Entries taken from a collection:
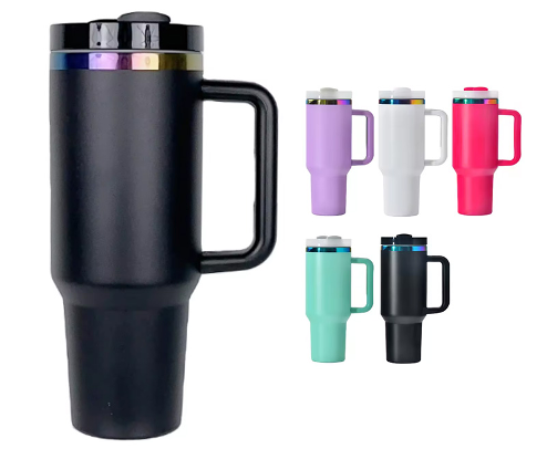 One of the most sought-after items in the Crafix catalog is the 40oz powder coated travel mugs with rainbow-plated rims. These tumblers are nothing short of stunning. Here’s why:
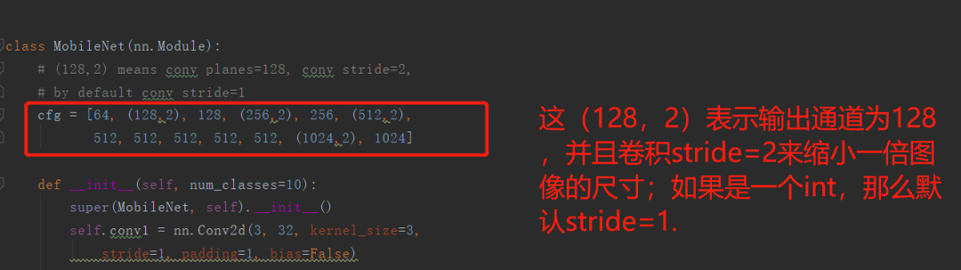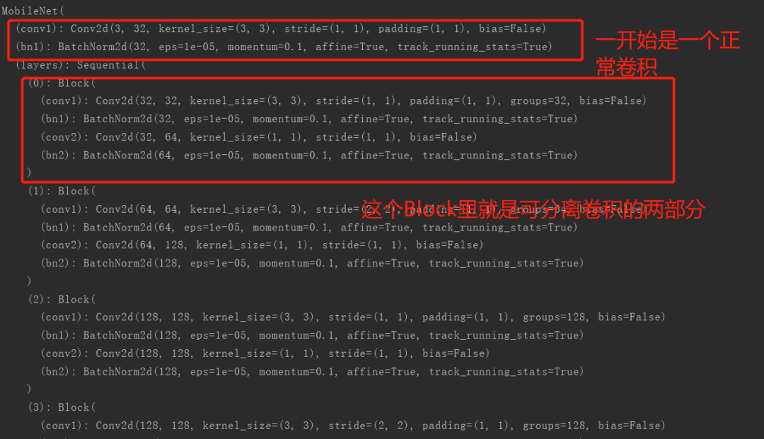 import torch.nn.functional as Fclass Block(nn.Module):'''Depthwise conv + Pointwise conv'''def __init__(self, in_planes, out_planes, stride=1):super(Block, self).__init__()self.conv1 = nn.Conv2d\(in_planes, in_planes, kernel_size=3, stride=stride, padding=1, groups=in_planes, bias=False)self.bn1 = nn.BatchNorm2d(in_planes)self.conv2 = nn.Conv2d\(in_planes, out_planes, kernel_size=1, stride=1, padding=0, bias=False)self.bn2 = nn.BatchNorm2d(out_planes)def forward(self, x):out = F.relu(self.bn1(self.conv1(x)))out = F.relu(self.bn2(self.conv2(out)))return outclass MobileNet(nn.Module):# (128,2) means conv planes=128, conv stride=2, # by default conv stride=1cfg = [64, (128,2), 128, (256,2), 256, (512,2), 512, 512, 512, 512, 512, (1024,2), 1024]def __init__(self, num_classes=10):super(MobileNet, self).__init__()self.conv1 = nn.Conv2d(3, 32, kernel_size=3, stride=1, padding=1, bias=False)self.bn1 = nn.BatchNorm2d(32)self.layers = self._make_layers(in_planes=32)self.linear = nn.Linear(1024, num_classes)def _make_layers(self, in_planes):layers = []for x in self.cfg:out_planes = x if isinstance(x, int) else x[0]stride = 1 if isinstance(x, int) else x[1]layers.append(Block(in_planes, out_planes, stride))in_planes = out_planesreturn nn.Sequential(*layers)def forward(self, x):out = F.relu(self.bn1(self.conv1(x)))out = self.layers(out)out = F.avg_pool2d(out, 2)out = out.view(out.size(0), -1)out = self.linear(out)return outnet = MobileNet()
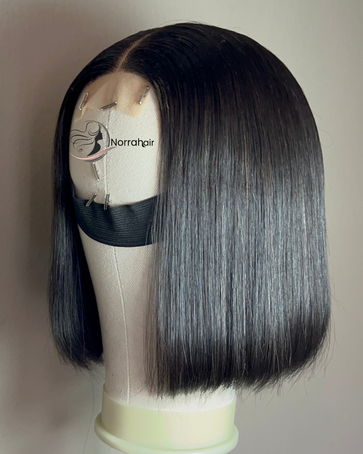 10” Black Bone Straight Wig made from 100% Virgin Vietnamese Hair with a 2x6 closure for a natural look and easy wear.
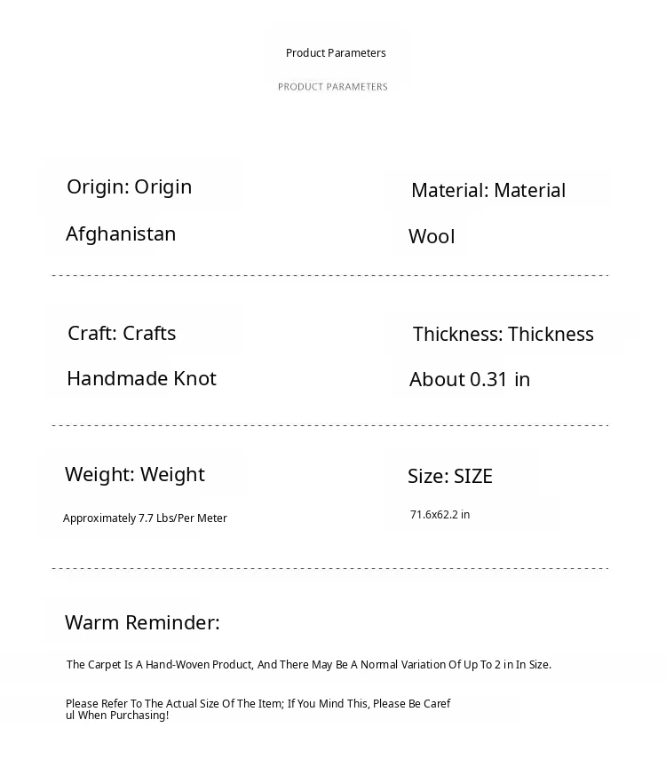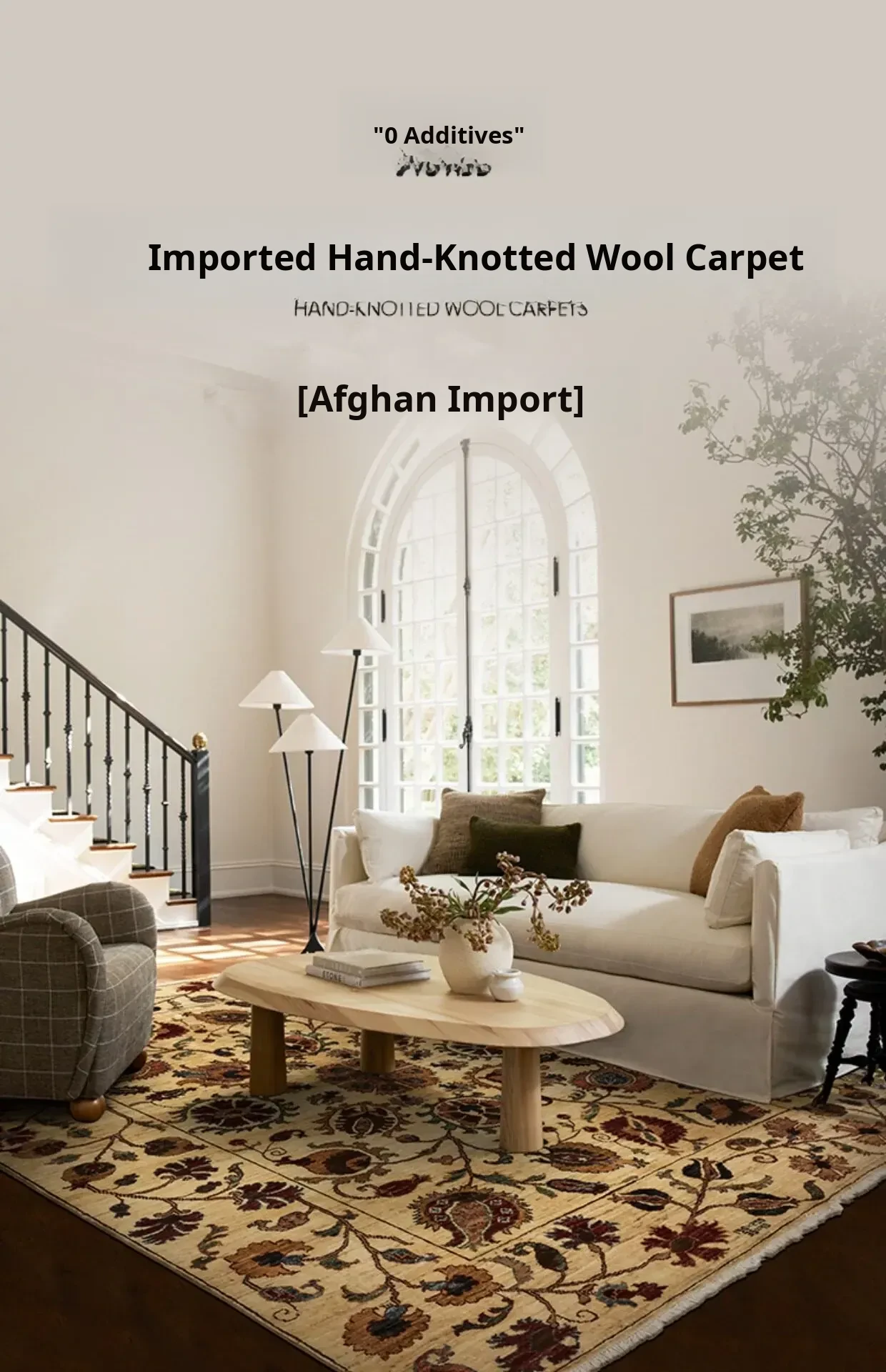 "Premium Hand-Knotted Afghan Wool Carpet - High-Quality, Soundproof, No Glue, No Formaldehyde, Luxurious Feel & Visual Appeal"
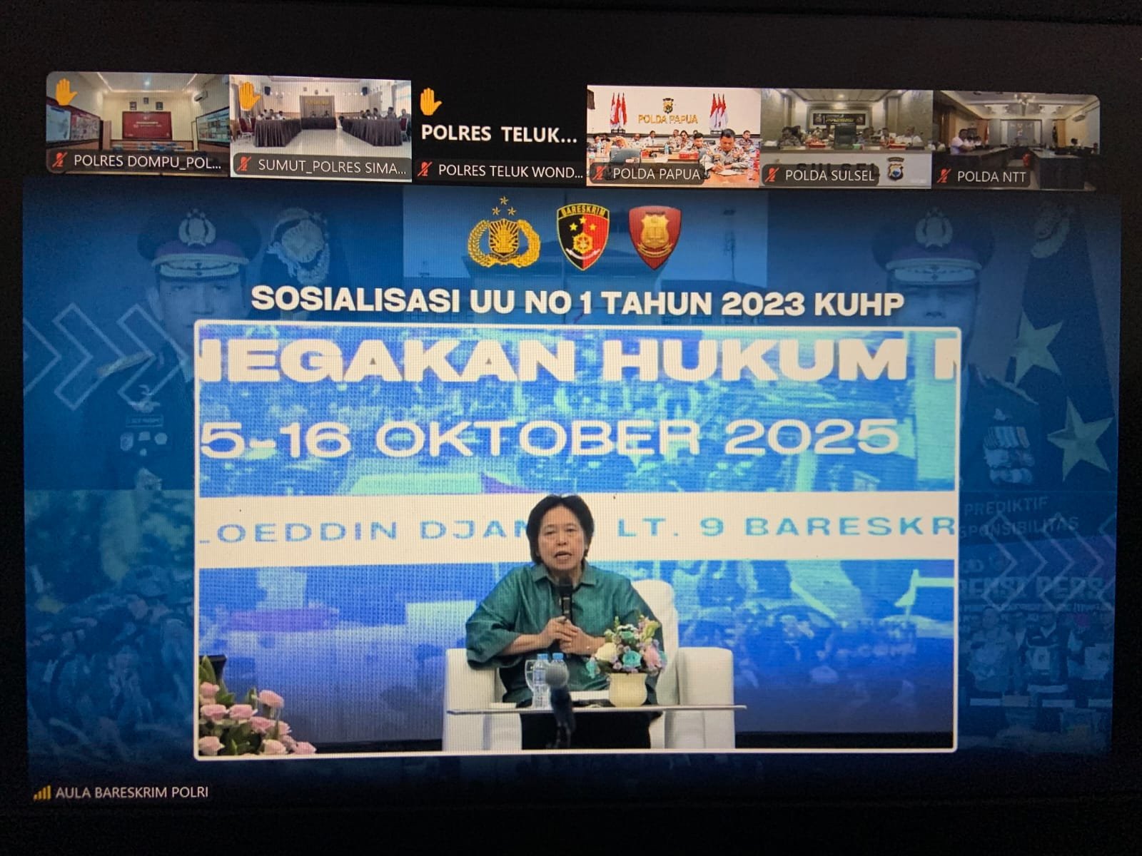 Papua – Kepolisian Daerah Papua mengikuti kegiatan Sosialisasi Undang-Undang Nomor 1 Tahun 2023 tentang Kitab Undang-Undang Hukum Pidana (KUHP) di lingkungan Polri yang dilaksanakan secara virtual melalui Zoom Meeting, Rabu (15/10). Kegiatan berlangsung di Aula Cenderawasih Mapolda Papua Lama dan diikuti oleh sejumlah pejabat serta personel dari berbagai satuan fungsi.
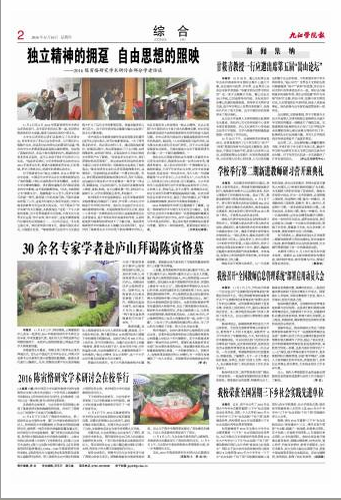 11月7日,2016年度中国高校校报协会好新闻评选结果揭晓。我校师生2件新闻作品获奖。党委宣传部李龙同志的作品《30余名专家学者赴庐山拜谒陈寅恪墓》获消息类三等奖;校报学生记者团吴璠同学的作品《让清明真正“清明”起来》获言论类三等奖。
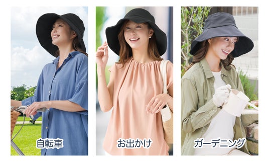 ガーデニングやちょっとした外出時に・・・「UV&クール折りたためる日よけ帽子」があればいろいろなシーンで紫外線対策できます。
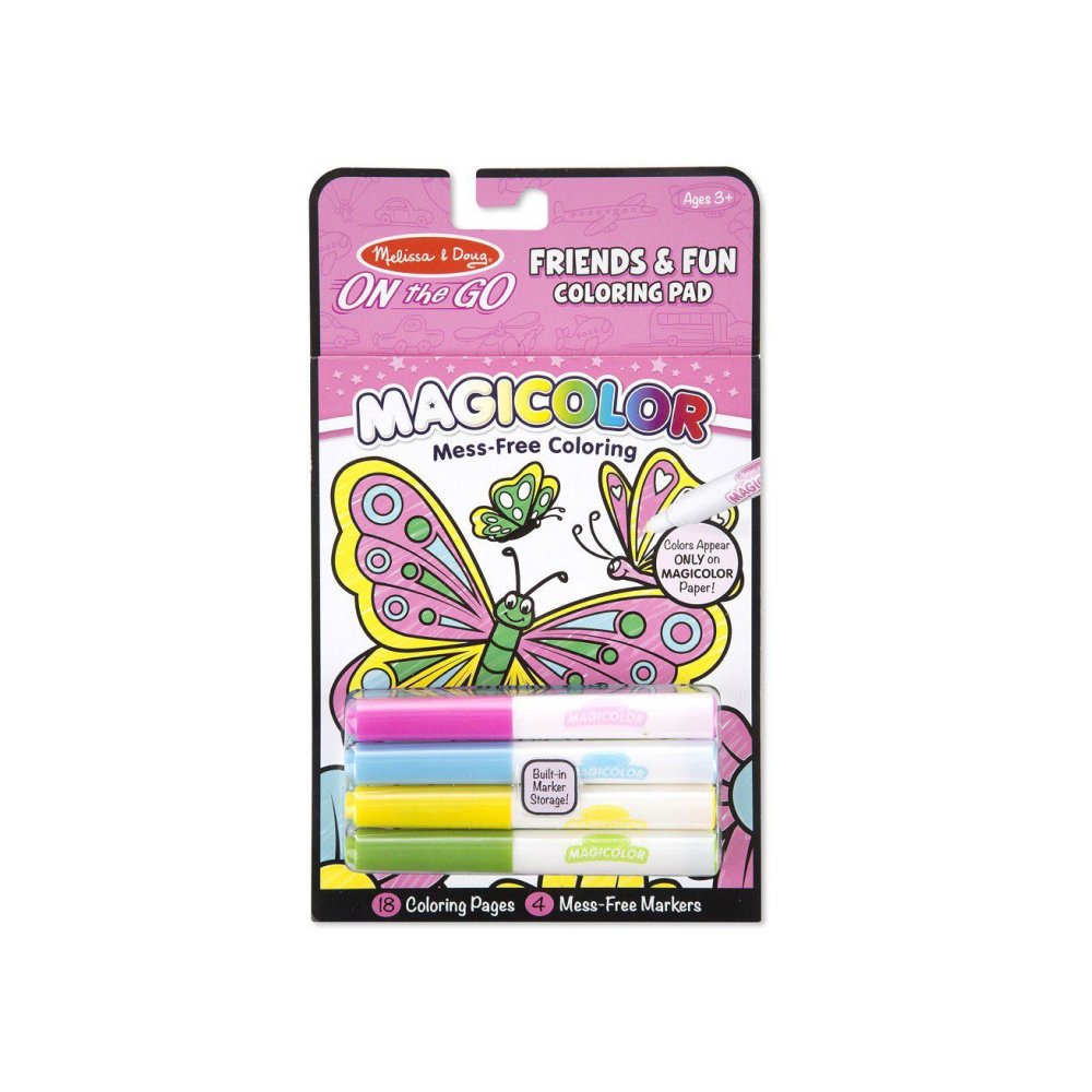 Our amazing Magicolours technology lets children pick a marker, fill a scene, and see colourss magically appear on the page--all completely mess-free! Ink in the four included markers is invisible anywhere else but creates instant colours on the 18 pages of scenes featuring butterflies, fairies, and girls doing everything from painting to riding a bike. As a bonus, the spiral-bound book's all-inclusive format comes with handy storage for the markers, making it great for travel!

What to work on
Each line from the line containing "ガーデニングやちょっとした外" through the final line of the data above must be retyped exactly; nothing else, and no pictures, may appear.

Answer box
 ガーデニングやちょっとした外出時に・・・「UV&クール折りたためる日よけ帽子」があればいろいろなシーンで紫外線対策できます。
 Our amazing Magicolours technology lets children pick a marker, fill a scene, and see colourss magically appear on the page--all completely mess-free! Ink in the four included markers is invisible anywhere else but creates instant colours on the 18 pages of scenes featuring butterflies, fairies, and girls doing everything from painting to riding a bike. As a bonus, the spiral-bound book's all-inclusive format comes with handy storage for the markers, making it great for travel!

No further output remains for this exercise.